Start of DATASET CONTENT

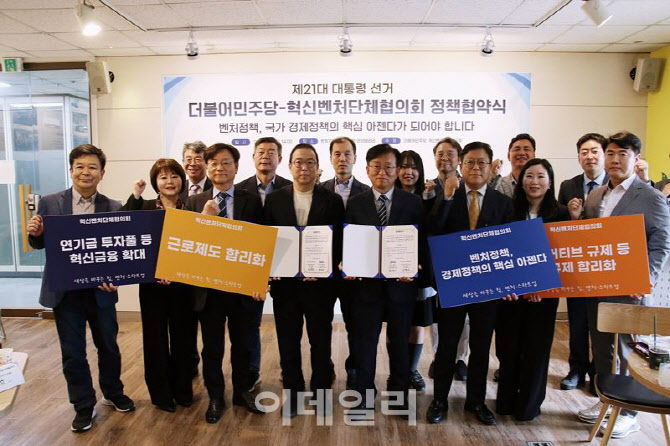 이날 더불어민주당과 혁단협은 혁신벤처생태계를 활성화하기 위한 핵심 정책 과제로 △벤처 정책을 경제 정책의 핵심 아젠다로 설정 △연기금 투자풀 활용 등 혁신 금융 확대 방안 마련 △벤처기업 혁신 성장을 위한 근로 제도 합리화 △신산업 발굴과 혁신의 기회 확장을 위한 규제 합리화 등을 제21대 대선의 핵심 과제로 선정하고 협약을 체결했다.
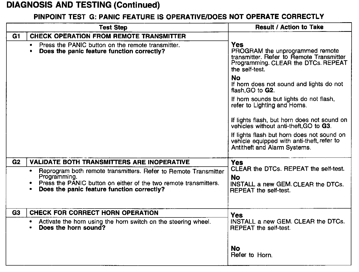 PINPOINT TEST G: PANIC FEATURE IS OPERATIVE/DOES NOT OPERATE CORRECTLY
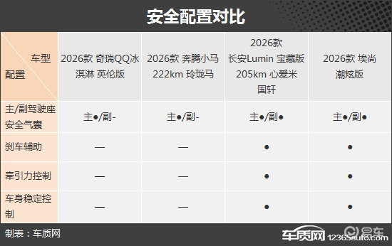 四款车型均配备了主驾驶座安全气囊,长安Lumin和埃尚还提供了副驾驶座安全气囊、刹车辅助、牵引力控制以及车身稳定控制等功能,对于车内乘客能够提供较为周全的安全防护。
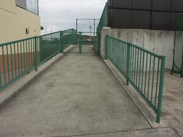 中央にあるゲートは、試合時に開放されます。スロープは少し勾配があり、長いので付き添いの人がいると安心です。ダッグアウトもバリアフリーになっています。
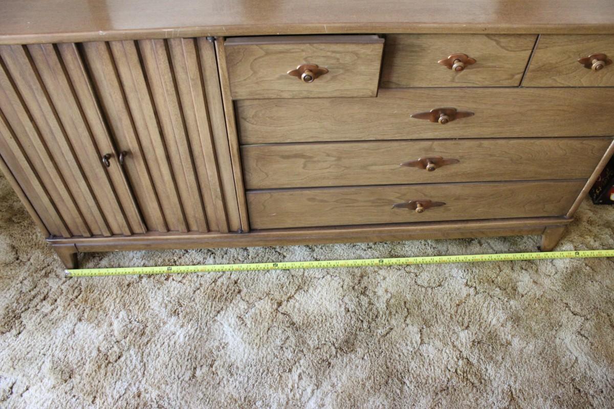 Vintage Broyhill dresser with mirror. 6 drawers and cabinet outside. 4 drawers inside the cabinet. Measures about 58" in length, 20" deep. In good used vintage condition. No major scratches to the surface, may have light wear from normal use and age.
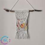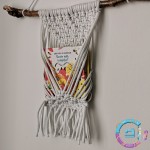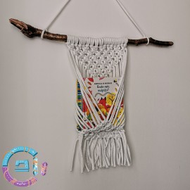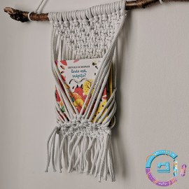 Suport de cărți sau reviste, pentru perete, realizat prin tehnica macrame.
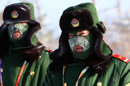 Paramilitary policemen stand guard in the Yabuli ski resort, Northeast China's Heilongjiang Province, February 17, 2009. Snow sports of the 24th World Winter Universiade are held at Yabuli Ski Resort. [Xinhua]
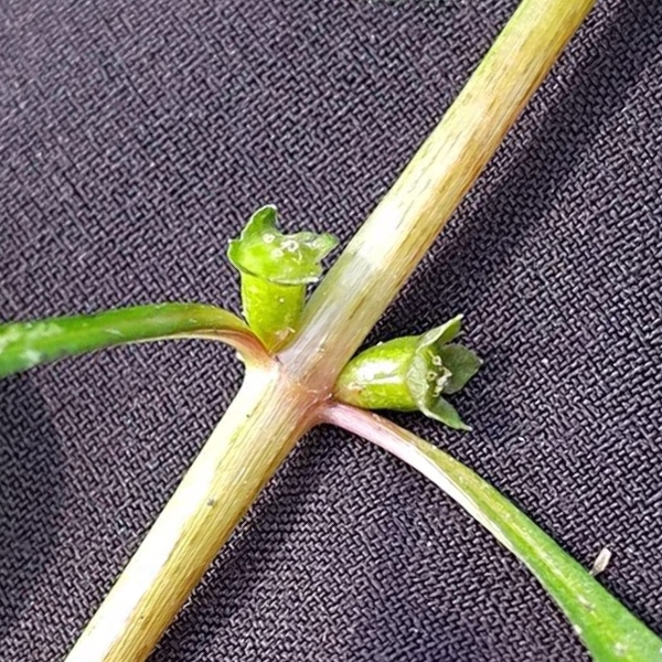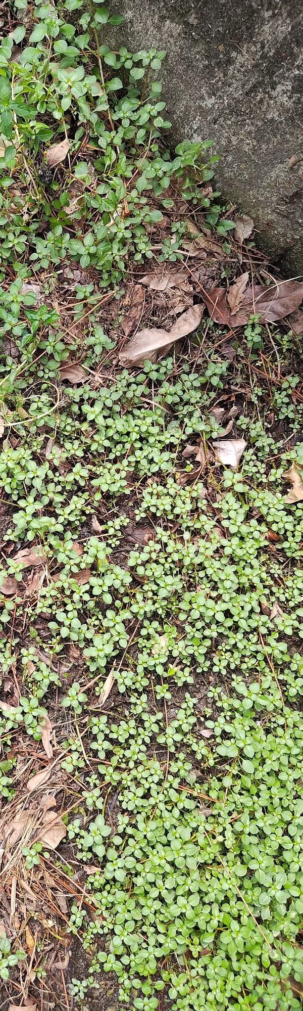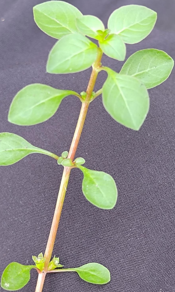 (歸化種;原生於美洲、歐洲和非洲;草本;莖匍匐生長,常呈紫紅色;單葉對生,卵形至橢圓形,全緣,基部下延成柄;花朵單生葉腋,無梗;花朵甚小,花被片4枚,花萼4枚;蒴果杯型,花萼宿存)
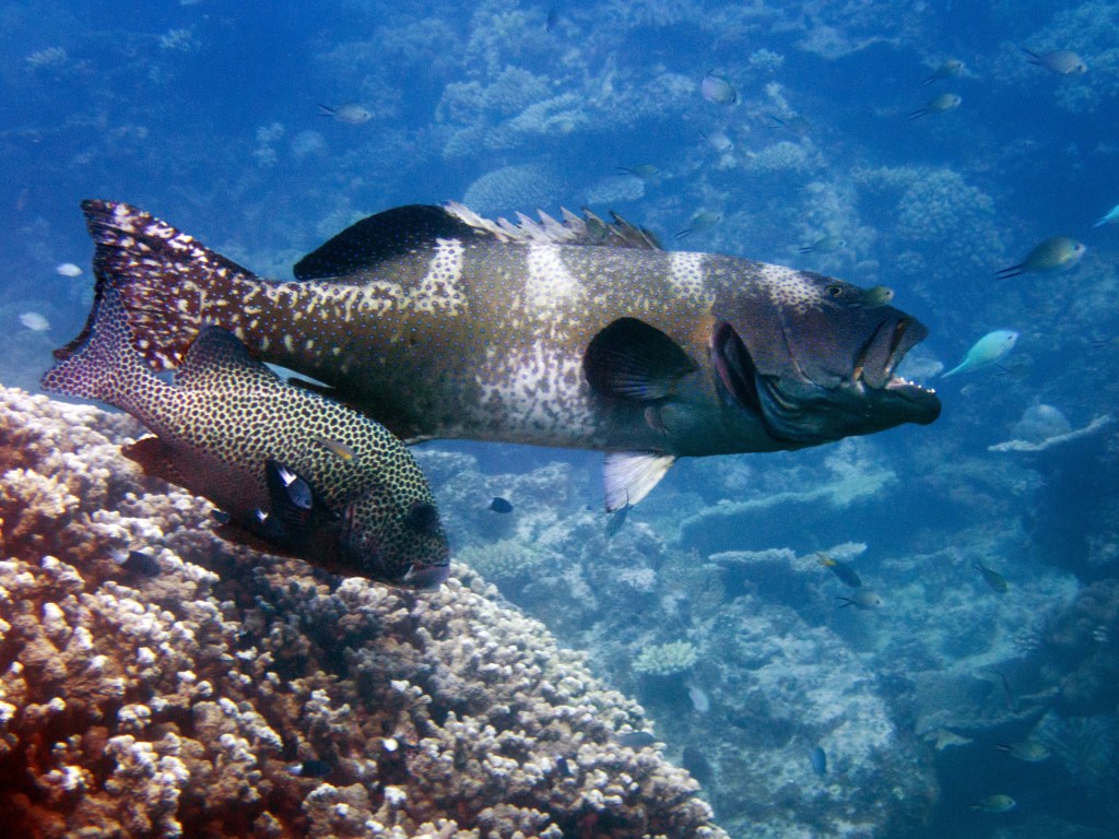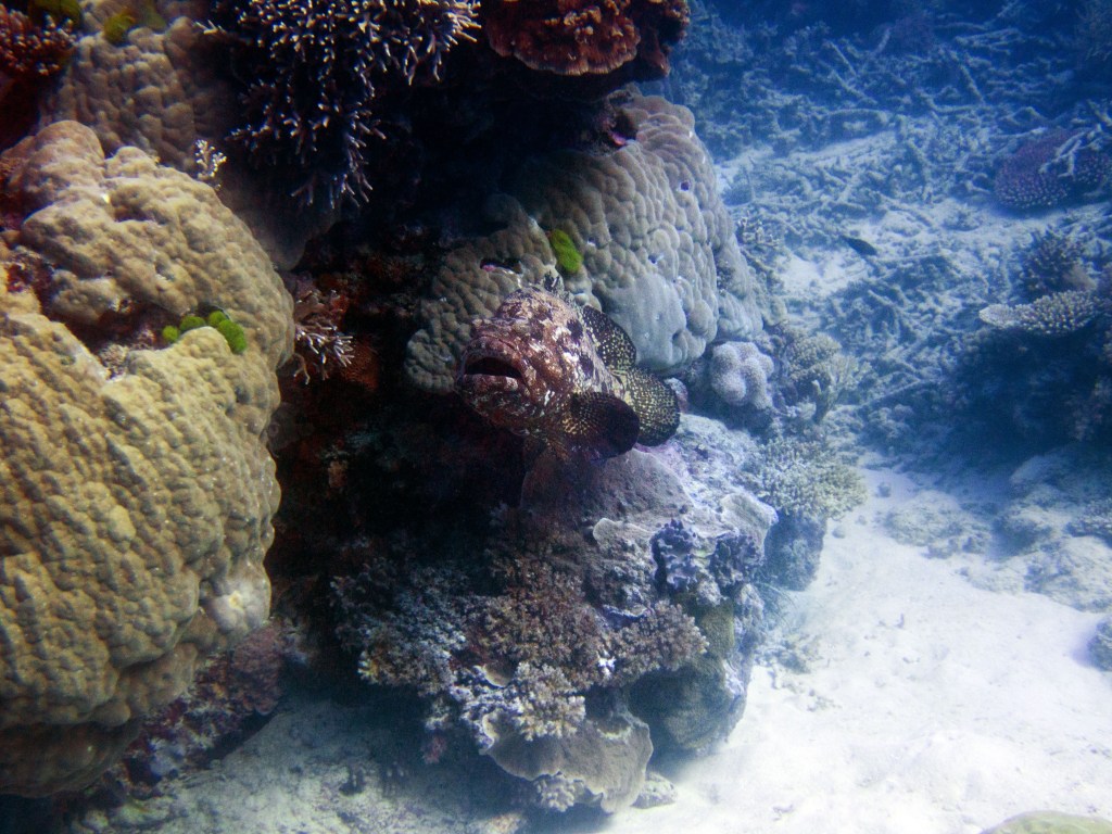 Nous nous déplaçons ensuite pour les 2 prochaines plongées à Swimming Pools toujours sur le récif de Milln. Une première fois pour repérer le coin et se faire une idée des environs. Nous croisons une raies, un triggerfish et quelques angelfish. Un mérou camouflage nous surprend. Ils sont relativement difficiles à repérer. Un autre mérou, qui est assez gros d’ailleurs se repose la bouche ouverte laissant entrevoir ses dents. Au milieu d’une anémone, nous pouvons voir deux petits poissons clown à collier.

End of DATASET CONTENT

DESCRIPTION OF THE TASK: Write out all of the records above. Keep them exact and leave out the pictures.

WRITTEN ANSWER:
 이날 더불어민주당과 혁단협은 혁신벤처생태계를 활성화하기 위한 핵심 정책 과제로 △벤처 정책을 경제 정책의 핵심 아젠다로 설정 △연기금 투자풀 활용 등 혁신 금융 확대 방안 마련 △벤처기업 혁신 성장을 위한 근로 제도 합리화 △신산업 발굴과 혁신의 기회 확장을 위한 규제 합리화 등을 제21대 대선의 핵심 과제로 선정하고 협약을 체결했다.
 PINPOINT TEST G: PANIC FEATURE IS OPERATIVE/DOES NOT OPERATE CORRECTLY
 四款车型均配备了主驾驶座安全气囊,长安Lumin和埃尚还提供了副驾驶座安全气囊、刹车辅助、牵引力控制以及车身稳定控制等功能,对于车内乘客能够提供较为周全的安全防护。
 中央にあるゲートは、試合時に開放されます。スロープは少し勾配があり、長いので付き添いの人がいると安心です。ダッグアウトもバリアフリーになっています。
 Vintage Broyhill dresser with mirror. 6 drawers and cabinet outside. 4 drawers inside the cabinet. Measures about 58" in length, 20" deep. In good used vintage condition. No major scratches to the surface, may have light wear from normal use and age.
 Suport de cărți sau reviste, pentru perete, realizat prin tehnica macrame.
 Paramilitary policemen stand guard in the Yabuli ski resort, Northeast China's Heilongjiang Province, February 17, 2009. Snow sports of the 24th World Winter Universiade are held at Yabuli Ski Resort. [Xinhua]
 (歸化種;原生於美洲、歐洲和非洲;草本;莖匍匐生長,常呈紫紅色;單葉對生,卵形至橢圓形,全緣,基部下延成柄;花朵單生葉腋,無梗;花朵甚小,花被片4枚,花萼4枚;蒴果杯型,花萼宿存)
 Nous nous déplaçons ensuite pour les 2 prochaines plongées à Swimming Pools toujours sur le récif de Milln. Une première fois pour repérer le coin et se faire une idée des environs. Nous croisons une raies, un triggerfish et quelques angelfish. Un mérou camouflage nous surprend. Ils sont relativement difficiles à repérer. Un autre mérou, qui est assez gros d’ailleurs se repose la bouche ouverte laissant entrevoir ses dents. Au milieu d’une anémone, nous pouvons voir deux petits poissons clown à collier.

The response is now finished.